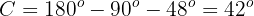 Dado que conocemos ya dos de los tres ángulo, podemos calcular el faltante,
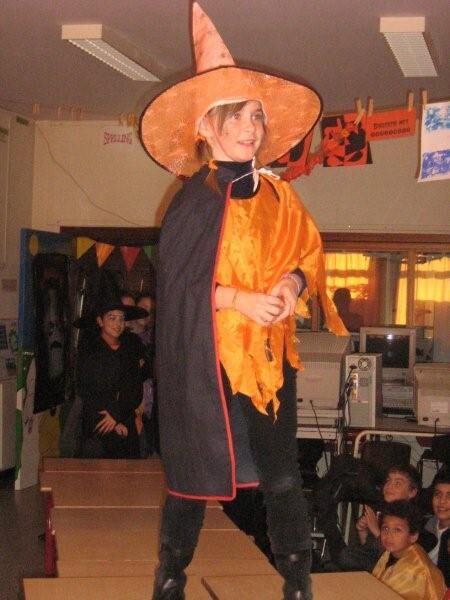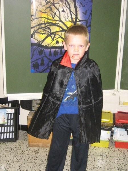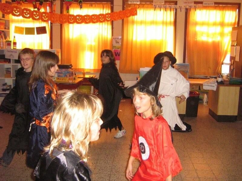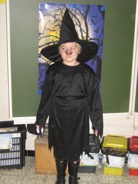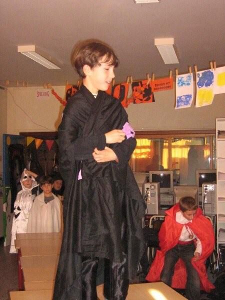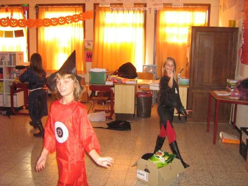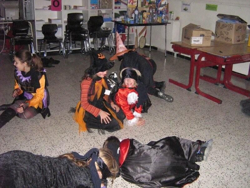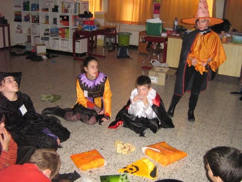 Bij onze juf begonnen we met de spelletjes vampiertje en vampiertikkertje. Daarna mochten we het verhaal van ‘De Heksen’ van Roald Dahl uitbeelden. We leerden ook enkele liedjes (Heksensabbat, De griezelige tovenaar en Zeven heksen) en sloten af met een kort spelletje.
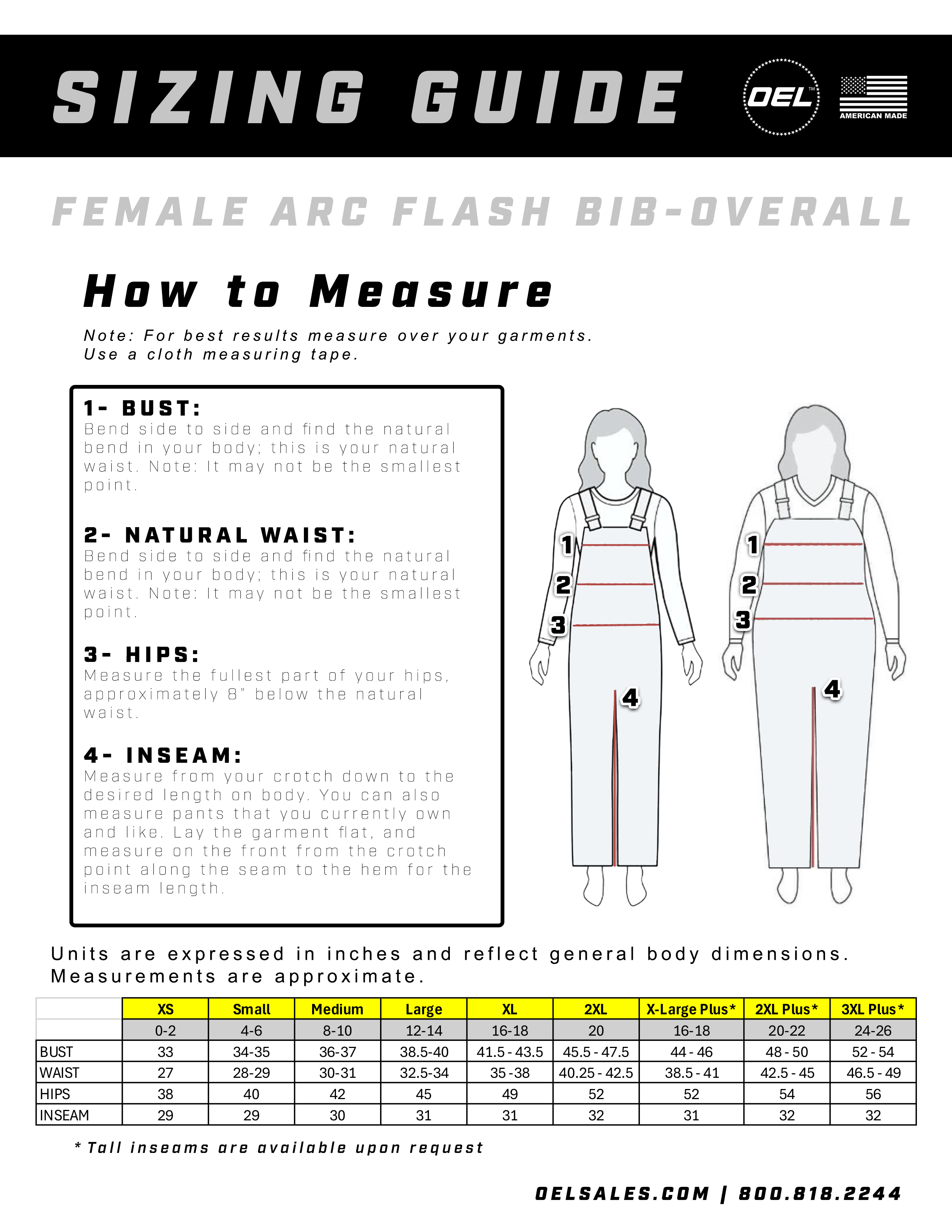 OEL Women’s 40 Cal Black Series GTX Arc Flash Bib Overalls, CAT 4, NFPA 70E

- _TASK OBJECTIVE_:
Output the data above exactly; pictures do not belong in the copy.

- _TASK OUTPUT_:
 Dado que conocemos ya dos de los tres ángulo, podemos calcular el faltante,
 Bij onze juf begonnen we met de spelletjes vampiertje en vampiertikkertje. Daarna mochten we het verhaal van ‘De Heksen’ van Roald Dahl uitbeelden. We leerden ook enkele liedjes (Heksensabbat, De griezelige tovenaar en Zeven heksen) en sloten af met een kort spelletje.
 OEL Women’s 40 Cal Black Series GTX Arc Flash Bib Overalls, CAT 4, NFPA 70E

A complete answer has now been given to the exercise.